The only other major thread to follow here is Tulip, and her scenes are so detached from the rest of the episode that put together, they almost make up their own short film. She adopts a dog; she spends the day playing with the dog; she hugs the dog (cursing Jesse Custer’s name); and then she lets the dog into the backroom where something devours it. It doesn’t take much to guess that this “something” is a sun-spoiled Cassidy, who never makes a physical appearance in the hour. So I guess we know Jesse didn’t put him out with the fire extinguisher. You could quibble with Tulip’s methods here (she couldn’t rob a blood bank?), but the result is a great character beat for her, and a growing connection between her and the vampire that will almost certainly end badly for everyone. I’m all for it.

Stray observations

  • “Which is my daughter, and which is the cow?” -Odin
  • The episode’s surprisingly stingy with the fight scenes; the only major hand-to-hand combat takes place inside the church, with us watching outside. It’s a cool visual effect, but I also like watching people get punched, so that was slightly disappointing.

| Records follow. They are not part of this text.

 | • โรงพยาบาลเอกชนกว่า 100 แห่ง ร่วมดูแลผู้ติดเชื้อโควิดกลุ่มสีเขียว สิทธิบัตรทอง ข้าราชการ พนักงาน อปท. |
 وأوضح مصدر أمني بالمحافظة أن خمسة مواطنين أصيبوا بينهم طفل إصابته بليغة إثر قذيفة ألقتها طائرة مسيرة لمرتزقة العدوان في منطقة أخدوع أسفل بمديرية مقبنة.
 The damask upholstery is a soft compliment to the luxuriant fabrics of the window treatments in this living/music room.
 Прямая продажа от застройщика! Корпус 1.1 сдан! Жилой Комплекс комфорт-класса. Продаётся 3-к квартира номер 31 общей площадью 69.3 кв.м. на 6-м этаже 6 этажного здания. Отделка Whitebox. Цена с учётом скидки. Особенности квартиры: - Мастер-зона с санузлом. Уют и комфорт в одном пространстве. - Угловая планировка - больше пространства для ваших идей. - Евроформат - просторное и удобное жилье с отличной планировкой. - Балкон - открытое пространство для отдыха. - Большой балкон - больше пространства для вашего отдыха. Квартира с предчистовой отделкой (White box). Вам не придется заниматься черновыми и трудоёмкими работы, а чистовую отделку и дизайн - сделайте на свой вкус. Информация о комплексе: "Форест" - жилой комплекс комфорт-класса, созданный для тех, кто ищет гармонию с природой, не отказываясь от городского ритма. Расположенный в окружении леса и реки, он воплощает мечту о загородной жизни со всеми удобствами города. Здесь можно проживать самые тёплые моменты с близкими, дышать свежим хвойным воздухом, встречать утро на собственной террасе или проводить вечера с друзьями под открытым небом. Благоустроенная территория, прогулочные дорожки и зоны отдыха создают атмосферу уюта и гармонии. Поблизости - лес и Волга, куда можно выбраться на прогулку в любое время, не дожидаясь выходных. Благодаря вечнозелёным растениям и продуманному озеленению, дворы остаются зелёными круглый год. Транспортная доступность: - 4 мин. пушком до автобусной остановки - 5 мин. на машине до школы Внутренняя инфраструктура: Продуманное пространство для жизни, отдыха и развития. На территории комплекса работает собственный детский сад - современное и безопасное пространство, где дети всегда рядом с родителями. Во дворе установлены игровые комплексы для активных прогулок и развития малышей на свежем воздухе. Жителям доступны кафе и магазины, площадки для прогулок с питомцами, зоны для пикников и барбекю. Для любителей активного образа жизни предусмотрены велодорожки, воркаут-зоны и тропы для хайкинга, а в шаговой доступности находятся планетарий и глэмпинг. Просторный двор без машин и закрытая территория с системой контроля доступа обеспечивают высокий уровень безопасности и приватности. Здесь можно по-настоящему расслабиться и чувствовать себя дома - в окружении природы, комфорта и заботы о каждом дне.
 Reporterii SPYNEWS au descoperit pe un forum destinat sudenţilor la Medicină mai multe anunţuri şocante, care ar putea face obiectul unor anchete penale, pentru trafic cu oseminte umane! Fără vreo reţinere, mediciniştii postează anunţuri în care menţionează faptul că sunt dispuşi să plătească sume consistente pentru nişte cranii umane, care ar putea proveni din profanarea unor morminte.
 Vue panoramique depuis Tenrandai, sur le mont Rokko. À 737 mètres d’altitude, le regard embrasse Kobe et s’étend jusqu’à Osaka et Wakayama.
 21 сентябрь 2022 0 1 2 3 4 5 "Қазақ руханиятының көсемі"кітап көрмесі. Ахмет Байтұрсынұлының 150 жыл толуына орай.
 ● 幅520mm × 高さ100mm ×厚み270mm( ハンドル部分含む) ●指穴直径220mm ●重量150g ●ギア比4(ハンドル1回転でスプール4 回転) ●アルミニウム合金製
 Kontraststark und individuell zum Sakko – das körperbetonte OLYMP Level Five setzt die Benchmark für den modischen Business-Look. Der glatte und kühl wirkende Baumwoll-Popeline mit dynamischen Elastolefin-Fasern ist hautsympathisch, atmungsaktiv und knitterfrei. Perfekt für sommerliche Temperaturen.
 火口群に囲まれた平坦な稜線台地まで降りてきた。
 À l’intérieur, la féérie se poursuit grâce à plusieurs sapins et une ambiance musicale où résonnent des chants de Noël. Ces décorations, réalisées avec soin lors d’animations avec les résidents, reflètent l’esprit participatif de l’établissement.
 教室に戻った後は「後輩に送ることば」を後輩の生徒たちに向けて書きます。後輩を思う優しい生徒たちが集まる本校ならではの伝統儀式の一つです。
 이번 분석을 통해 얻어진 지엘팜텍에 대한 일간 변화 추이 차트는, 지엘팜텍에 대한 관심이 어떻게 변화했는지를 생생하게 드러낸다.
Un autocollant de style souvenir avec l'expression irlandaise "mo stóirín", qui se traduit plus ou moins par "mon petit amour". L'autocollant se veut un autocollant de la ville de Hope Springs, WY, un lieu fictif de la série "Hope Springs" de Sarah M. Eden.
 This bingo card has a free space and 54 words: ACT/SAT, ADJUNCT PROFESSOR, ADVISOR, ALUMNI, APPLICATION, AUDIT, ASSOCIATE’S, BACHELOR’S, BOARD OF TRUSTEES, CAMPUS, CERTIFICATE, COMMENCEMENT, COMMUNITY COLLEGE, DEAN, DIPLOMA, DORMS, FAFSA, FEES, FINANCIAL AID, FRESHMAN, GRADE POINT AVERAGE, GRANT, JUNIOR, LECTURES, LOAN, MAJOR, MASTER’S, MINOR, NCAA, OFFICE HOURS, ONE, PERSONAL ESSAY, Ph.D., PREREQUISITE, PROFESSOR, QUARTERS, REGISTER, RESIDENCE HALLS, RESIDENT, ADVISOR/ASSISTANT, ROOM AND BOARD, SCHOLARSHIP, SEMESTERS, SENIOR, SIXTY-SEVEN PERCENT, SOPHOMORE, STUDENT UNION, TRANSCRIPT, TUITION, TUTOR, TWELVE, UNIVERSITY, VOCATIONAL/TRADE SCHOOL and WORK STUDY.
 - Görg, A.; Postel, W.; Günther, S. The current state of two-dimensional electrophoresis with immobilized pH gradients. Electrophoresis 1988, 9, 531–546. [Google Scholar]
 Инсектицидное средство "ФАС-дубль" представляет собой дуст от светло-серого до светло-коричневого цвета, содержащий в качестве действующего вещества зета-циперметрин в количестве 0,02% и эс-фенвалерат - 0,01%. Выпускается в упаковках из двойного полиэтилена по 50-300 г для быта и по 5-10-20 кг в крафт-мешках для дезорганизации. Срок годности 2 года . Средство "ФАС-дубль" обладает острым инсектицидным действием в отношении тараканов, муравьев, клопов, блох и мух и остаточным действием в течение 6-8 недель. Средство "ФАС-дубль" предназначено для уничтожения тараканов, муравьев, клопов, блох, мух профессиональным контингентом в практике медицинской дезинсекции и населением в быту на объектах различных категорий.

  • “Food court! Food court!” See, that’s the kind of absurdity I can get behind.
  • “You dug out of Hell with your hands?” “It’s not that far.”
  • Jesse ends up arrested. I wonder if Odin agreed to let him preach one last time.
  • The episode ends with a man releasing the pressure on an overloaded system—looks like something in a power plant. We’ve seen this before, and I’m not sure what it’s building towards, but I’m sure it’ll be a big deal when it happens.